Source material:

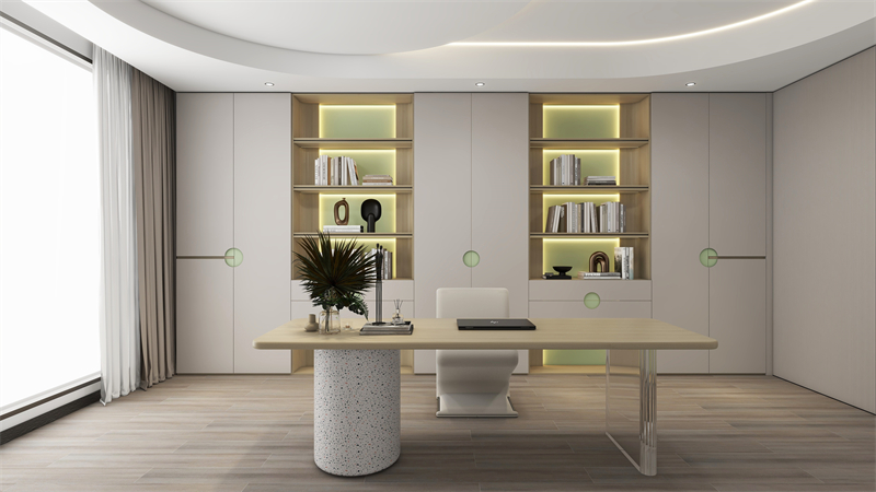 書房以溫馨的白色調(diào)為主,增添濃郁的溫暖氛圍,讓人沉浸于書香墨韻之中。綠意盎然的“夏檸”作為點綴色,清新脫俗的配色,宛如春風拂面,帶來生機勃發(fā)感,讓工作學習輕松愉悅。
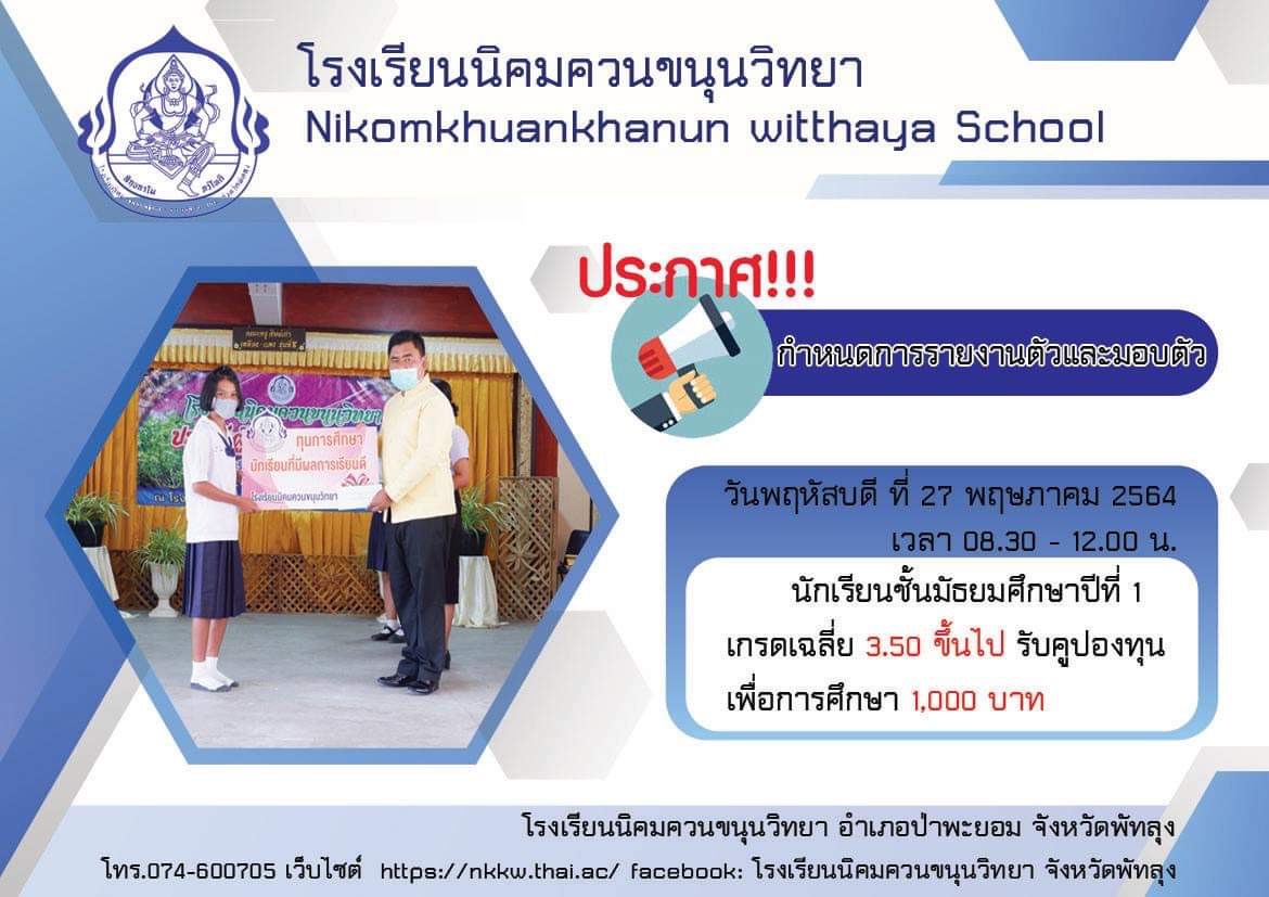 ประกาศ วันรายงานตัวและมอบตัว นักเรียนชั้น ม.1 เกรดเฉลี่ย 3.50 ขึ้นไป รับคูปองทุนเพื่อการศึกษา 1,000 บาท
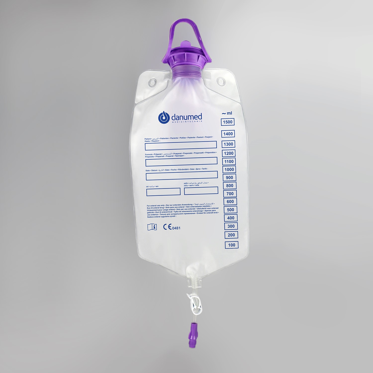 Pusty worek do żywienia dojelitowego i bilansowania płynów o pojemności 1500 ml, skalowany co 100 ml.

Work instructions: When you copy the lines above, drop the pictures and keep everything else exact.

Solution:
 書房以溫馨的白色調(diào)為主,增添濃郁的溫暖氛圍,讓人沉浸于書香墨韻之中。綠意盎然的“夏檸”作為點綴色,清新脫俗的配色,宛如春風拂面,帶來生機勃發(fā)感,讓工作學習輕松愉悅。
 ประกาศ วันรายงานตัวและมอบตัว นักเรียนชั้น ม.1 เกรดเฉลี่ย 3.50 ขึ้นไป รับคูปองทุนเพื่อการศึกษา 1,000 บาท
 Pusty worek do żywienia dojelitowego i bilansowania płynów o pojemności 1500 ml, skalowany co 100 ml.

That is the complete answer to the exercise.